In this notebook my goal is to implement logistic regression from scratch.

## Logistic regression

### Core idea
Logistic regression is an algorithm that can be used to predict binary classification of the input - for example whether a statement is true or false. Instead of predicting a continous value, logistic regression predicts probablity of the input belonging to a certain class.

### Mathematical view
We start by calculating the linear combination of the input features:
$$z = w^Tx + b$$
where x is the feature vector, w is the weight vector and b is the bias.

And now, to turn this into a probability between 0 and 1 we apply the sigmoid function:
$$\sigma(z) = \frac{1}{1 + e^{-z}}$$

Parameters w and b are learned by minimizing binary cross-entropy.

$$Loss = -\frac{1}{N} \sum_{i=1}^{N}[y_ilog(\hat{y}_i) + (1-y_i)log(1-\hat{y}_i)]$$

where $y_i$ is the true label, and $\hat{y}$ is the prediction.
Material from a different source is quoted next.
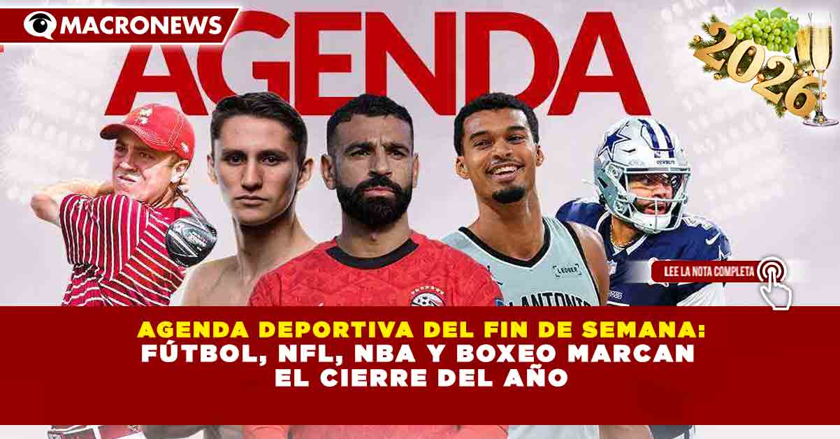 Redacción Macronews.- El 2025 entra a su recta final, pero la actividad deportiva no se detiene en este último fin de semana del año, con una amplia agenda que incluye fútbol internacional, la NFL, la NBA en jornada navideña, boxeo de campeonato y el arranque de la nueva temporada del TGL Golf.
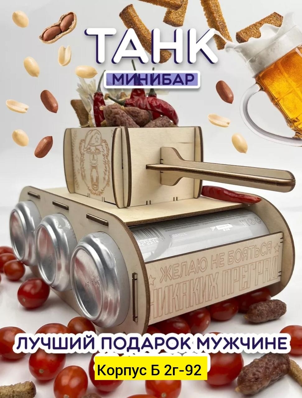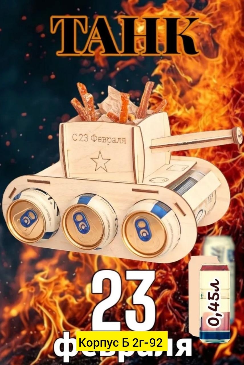 Декоративная подставка танк под пиво Оригинальный подарок для мужчин на 23 февраля, день рождения, новый год, 9 мая и на любой другой праздник Деревянный тан.

### Implementation from scratch

In [None]:
import numpy as np

class LogisticRegression:
    def __init__(self):
        self.learning_rate = 0.01
        self.num_iteration = 1000
        self.weights = None
        self.bias = None
        
    def sigmoid(self, z):
        """ Sigmoid function that will translate prediction into probability between 0 and 1. """
        return 1 / (1 + np.exp(-z))
    
    def predict_probability(self, X):
        """ Calculating the probability """
        linear_output = np.dot(X, self.weights) + self.bias
        return self.sigmoid(linear_output)
    
    def fit(self, X, y):
        """ Function that train the model. Its goal is to find the best
            values for weights and bias parameters by minimizing the error on training data. """
        
        # Initializing the parameters
        n_samples, n_features = X.shape
        self.weights = np.zeros(n_features)
        self.bias = 0
        
        # Training loop
        for _ in range(self.num_iterations):
            
            # Predicting probability for each data point
            y_pred = self.predict_probability(X)
            
            # Computing gradients - adjusting the weights and bias to reduce loss
            dw = (1 / n_samples) * np.dot(X.T, (y_pred - y))
            db = (1 / n_samples) * np.sum(y_pred - y)
            
            # Updating parameters
            self.weights -= self.learning_rate * dw
            self.bias -= self.learning_rate *db
            
            
    def predict(self, X):
        """ Function that predicts the final class labels"""
        y_probs = self.predict_probability(X)
        
        # Formatting the output labels
        binary_predictions = y_probs >= 0.5
        return binary_predictions.astype(int)